Euro’ya yatırım yapan 14 yılda parasının yarısını kaybetti

Euro’ya yatırım yapan 14 yılda parasının yarısını kaybetti
Euro-dolar paritesinin eşitlenmesiyle birlikte parasını euro’ya yatıran yatırımcılar kaybetti. Bilgi Üniversitesi Öğretim Üyesi Prof. Dr. Cem Başlevent’in yaptığı hesaplamaya göre, 14 yıl önce 157 dolar almak yerine 100 euro alan bir yatırımcı dolar cinsinden parasının üçte birini kaybetti. İki para birimi arasında yılda yüzde 2 de faiz farkı eklenince kayıp yüzde 50'ye çıkıyor.
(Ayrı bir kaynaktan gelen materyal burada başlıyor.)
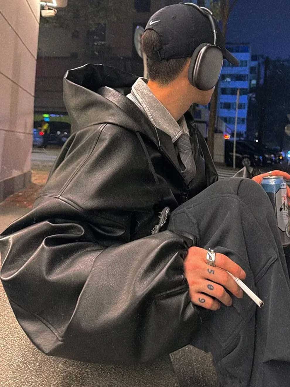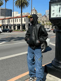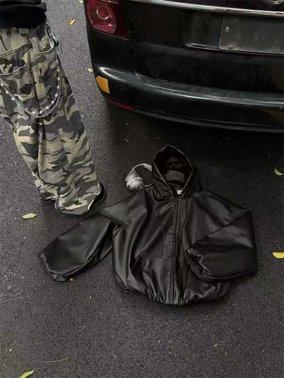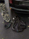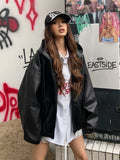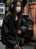Ready to turn heads? This unisex windbreaker features a striking, loose silhouette with voluminous, dropped sleeves, instantly elevating your look. The sleek black faux leather (PU) finish offers a luxe feel and a rebellious edge, perfect for achieving that coveted y2k streetwear aesthetic.
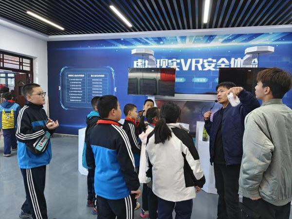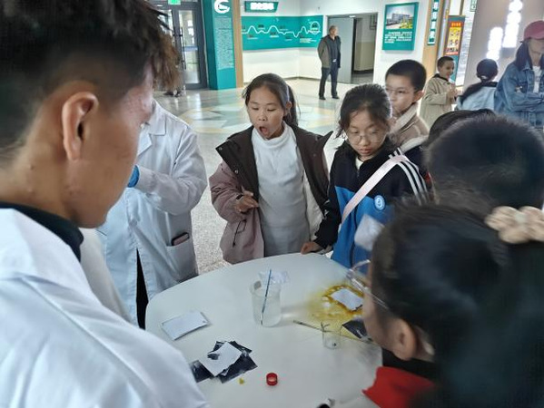 四大专业志愿者化身“科普导师”:石油化工技术学子展示“石油的绿色旅行”模拟实验,环境工程技术学子开展“污水变清”小实验,化工生物技术学子用环保材料制作趣味模型、绿色化工VR体验等互动环节,将专业知识转化为科普语言,累计吸引五十余名儿童参与,在孩童心中播下绿色科技的种子。

Euro-dolar paritesi 20 yıl sonra ilk kez eşitlendi. Bu gelişme ihracatının yüzde 47’sini, ithalatının da yüzde 65’ini dolarla yapan Türkiye için cari açıkta yeni bir tehlike anlamına gelirken, parasını dolar yerine euro’ya yatırmış olan yatırımcıları da pişman etti. Bilgi Üniversitesi Öğretim Üyesi Prof. Dr. Cem Başlevent’in yaptığı hesaplamaya göre, 14 yıl önce 157 dolar almak yerine 100 euro alan bir yatırımcı dolar cinsinden parasının üçte birini kaybetti. İki para birimi arasında yılda yüzde 2 de faiz farkı eklenince kayıp yüzde 50'ye çıkıyor.

euro-dolar.jpg

Gurbetçilere kötü haber

Avrupa’da yaşayan gurbetçilerin günümüzde Türkiye'de ciddi bir alım gücüne sahip olduklarına dikkat çeken Başlevent, “Ama uygun zamanda dolara dönüş yapmış olsalardı daha da iyi durumda olacaklardı” dedi. Başlevent, altına yatırım yapanların dolara yatırım yapanların da 2 katı kazandıklarını vurgulayarak, şunları söyledi:

“Dövize yatırım yapan yatırımcılar genelde tüm para birimlerinin getirisinin aşağı yukarı aynı olacağını düşünür. Oysa ki uzun dönemli değişimlere bakıldığında önemli farklar oluşabiliyor. 2008 yılında küresel kriz öncesinde 1 euro'nun değeri 1.5 doların üzerindeydi. Ancak şimdi iki para biriminin değeri birbirine eşitlendi. Üstelik dolar mevduatlara ödenen faizler daha yüksek olduğu için birikimlerin daha da hızlı artması söz konusu. Kaba bir hesapla, küresel kriz öncesi dolara yatırım yapanların şu an euro yatırımcılarının 2 katı birikime sahip olduğunu söyleyebiliriz. Belki daha da çarpıcı olan, altın yatırımı yapanların, ons fiyatındaki ciddi artışla doların da 2 katı birikim yapmış olmaları.”